*** Opening of Information provided ***
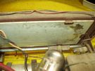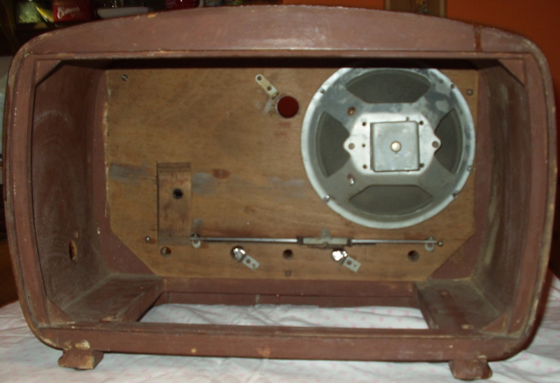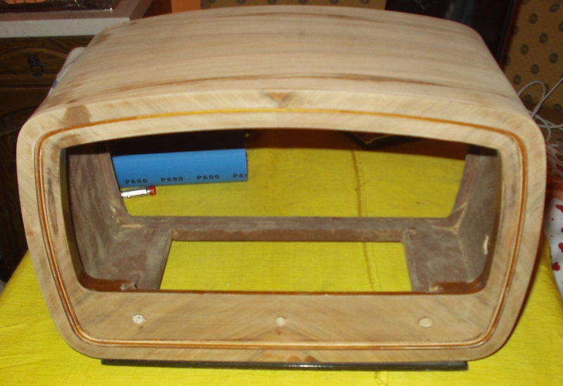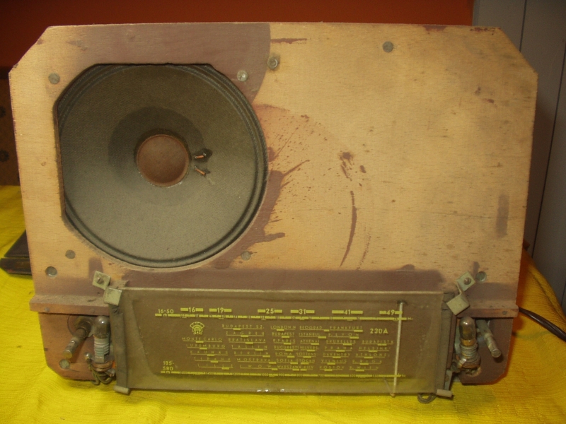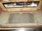 Nagyon poros volt a belseje. A politúr is lepattogott néhány helyen, de a tulajdonos nem kérte a javítását. A skála mögötti üvegről lepattogott a festék, újrafestettem. A fája szétrepedt, mert valaki beletekert vastag pozdorjacsavart (a törött részt kivágtam és pótoltam)! A hullámváltó katasztrofális állapotban volt, kijavítottam. Nagyon szépen szól! |
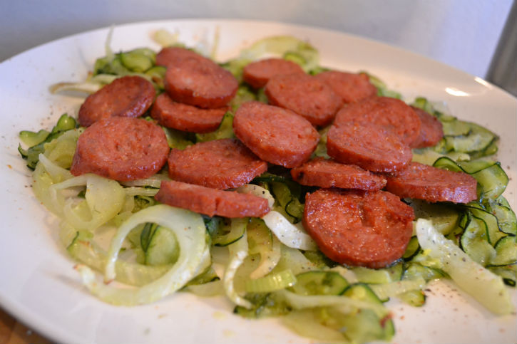 Zaterdag had ik op de markt venkel en courgette gekocht, nog niet wetende wat ik er mee zou maken. Ik wilde er een salade van maken, Daan kwam op het idee om er gebakken chorizo bij te bakken als tegenhanger van de frisse courgette en anijsachtige venkel, lekker pittig en zout.
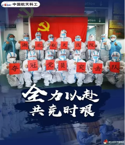 由于疫情持续加重,孝感市还成立了专门救治新冠疑似病人的东南院区治疗点,湖北航天医院积极响应政府号召,成立了一支由突击队党员带头组成的“抗冠医疗支援突击队”。
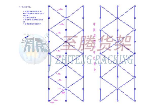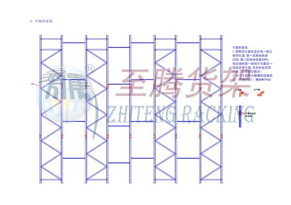 1 將兩層牛腿安裝在每一根立柱的孔面.第一層離地高度2258,第二層離地高度4568,每區域的第一排柱片與最后一排安裝單牛腿,其余的安裝雙牛腿.(見第四步圖示)
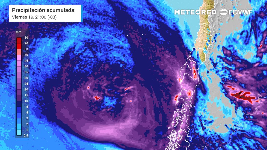 El ciclón extratropical, que ahora se encuentra frente a la costa de las zonas centro y sur de Chile, llegará con rachas de viento de 40 km/h la madrugada del jueves 18 de septiembre a la provincia de Arauco, considerando el análisis de nuestra referencia meteorológica del ECMWF (Centro Europeo para Pronósticos a Mediano y Largo Plazo).
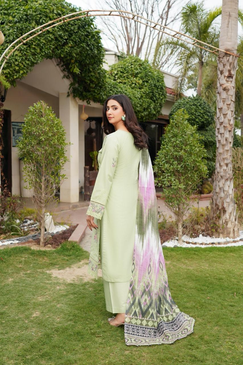 Mehwish captures timeless charm through intricate embroidery and delicate pattern composition. A perfect harmony of tradition and modern finesse.
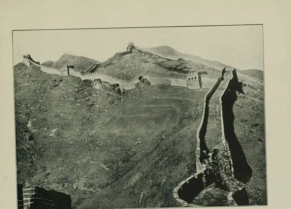 再拉远了就是万里长城,山岭上翻出一道白线,比画还工整,这种照片搁在现在算是航拍,不靠后期,都是把三脚架搬高了,石头上架着相机,人还得站稳,爷爷说那会儿登这么高的地儿得一上午,带着干粮和葱蘸酱,到了山顶才知道自己没白费劲,风尤其大,一口气打在脸上,像有人抡着扇子使劲扇,照相师傅得等老半天,等人全都站定,再按动快门。
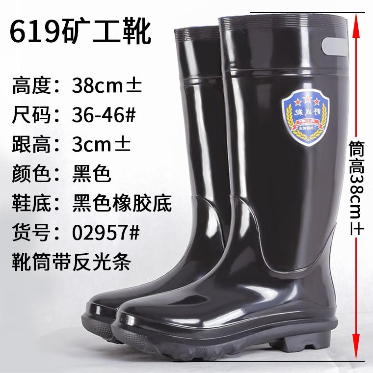 @风顺黑色雨靴619高筒38cm工矿靴单色黑底黑邦 +反光条 36# 37# 38# 39# 40# 41# 42# 43# 44# 45# 46#
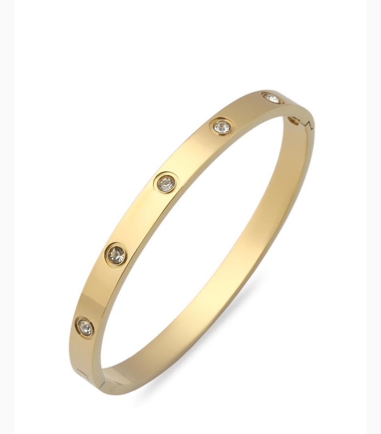 Altın renkli, tokalı ve küçük kristal detaylı minimal desenli 3 farklı çelik kelepçe✨ talebe göre yeni istek açılacaktır.✨ fiyat tane fiyatıdır
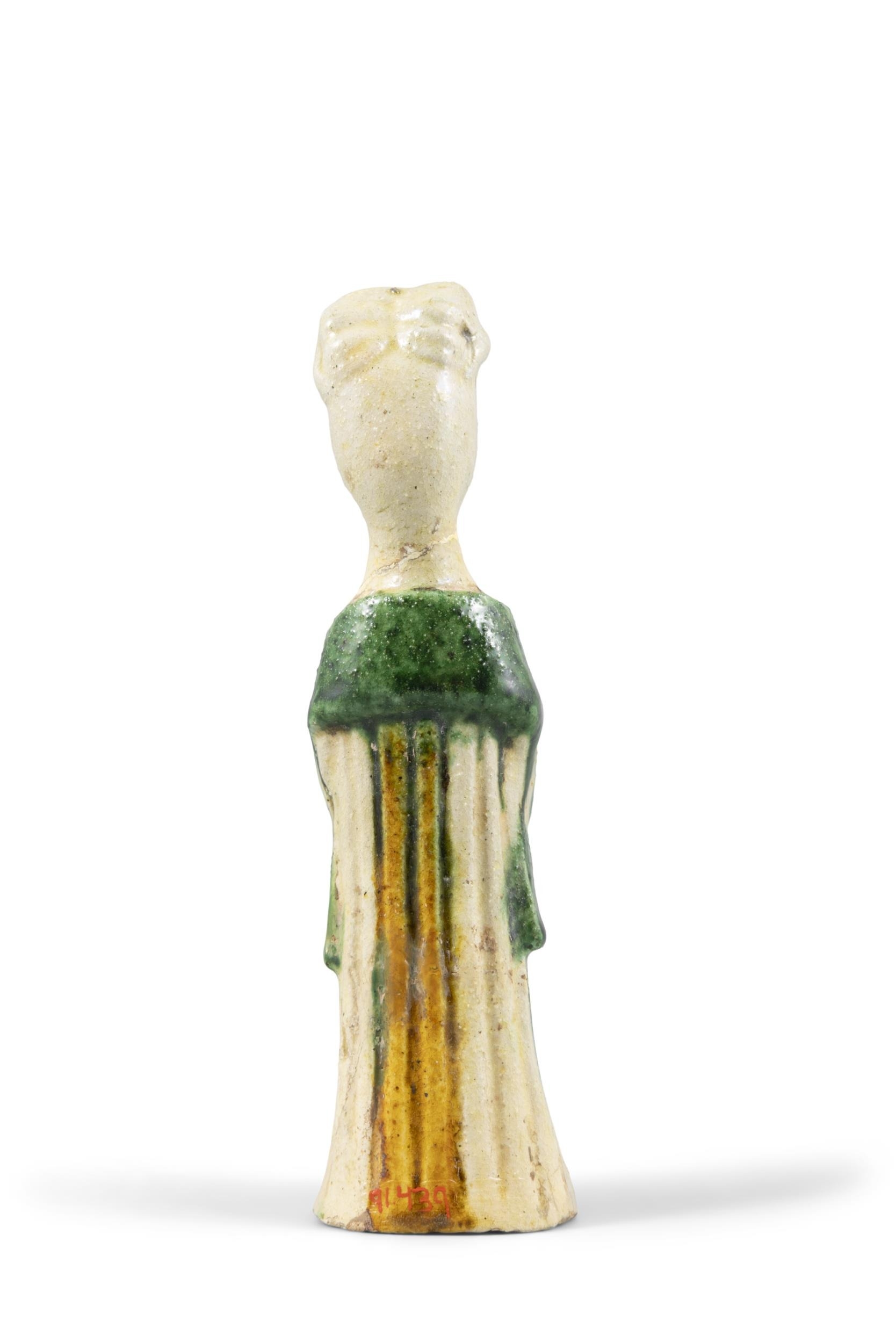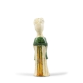 A SANCAI-GLAZED POTTERY FIGURE OF A STANDING LADY ?? ?????? China, Tang dynasty H: 14.4cm
*** Close of Information provided ***
--- Work to complete ---
Return every entry word for word, but drop any pictures.

--- Reply ---
 Nagyon poros volt a belseje. A politúr is lepattogott néhány helyen, de a tulajdonos nem kérte a javítását. A skála mögötti üvegről lepattogott a festék, újrafestettem. A fája szétrepedt, mert valaki beletekert vastag pozdorjacsavart (a törött részt kivágtam és pótoltam)! A hullámváltó katasztrofális állapotban volt, kijavítottam. Nagyon szépen szól! |
 Zaterdag had ik op de markt venkel en courgette gekocht, nog niet wetende wat ik er mee zou maken. Ik wilde er een salade van maken, Daan kwam op het idee om er gebakken chorizo bij te bakken als tegenhanger van de frisse courgette en anijsachtige venkel, lekker pittig en zout.
 由于疫情持续加重,孝感市还成立了专门救治新冠疑似病人的东南院区治疗点,湖北航天医院积极响应政府号召,成立了一支由突击队党员带头组成的“抗冠医疗支援突击队”。
 1 將兩層牛腿安裝在每一根立柱的孔面.第一層離地高度2258,第二層離地高度4568,每區域的第一排柱片與最后一排安裝單牛腿,其余的安裝雙牛腿.(見第四步圖示)
 El ciclón extratropical, que ahora se encuentra frente a la costa de las zonas centro y sur de Chile, llegará con rachas de viento de 40 km/h la madrugada del jueves 18 de septiembre a la provincia de Arauco, considerando el análisis de nuestra referencia meteorológica del ECMWF (Centro Europeo para Pronósticos a Mediano y Largo Plazo).
 Mehwish captures timeless charm through intricate embroidery and delicate pattern composition. A perfect harmony of tradition and modern finesse.
 再拉远了就是万里长城,山岭上翻出一道白线,比画还工整,这种照片搁在现在算是航拍,不靠后期,都是把三脚架搬高了,石头上架着相机,人还得站稳,爷爷说那会儿登这么高的地儿得一上午,带着干粮和葱蘸酱,到了山顶才知道自己没白费劲,风尤其大,一口气打在脸上,像有人抡着扇子使劲扇,照相师傅得等老半天,等人全都站定,再按动快门。
 @风顺黑色雨靴619高筒38cm工矿靴单色黑底黑邦 +反光条 36# 37# 38# 39# 40# 41# 42# 43# 44# 45# 46#
 Altın renkli, tokalı ve küçük kristal detaylı minimal desenli 3 farklı çelik kelepçe✨ talebe göre yeni istek açılacaktır.✨ fiyat tane fiyatıdır
 A SANCAI-GLAZED POTTERY FIGURE OF A STANDING LADY ?? ?????? China, Tang dynasty H: 14.4cm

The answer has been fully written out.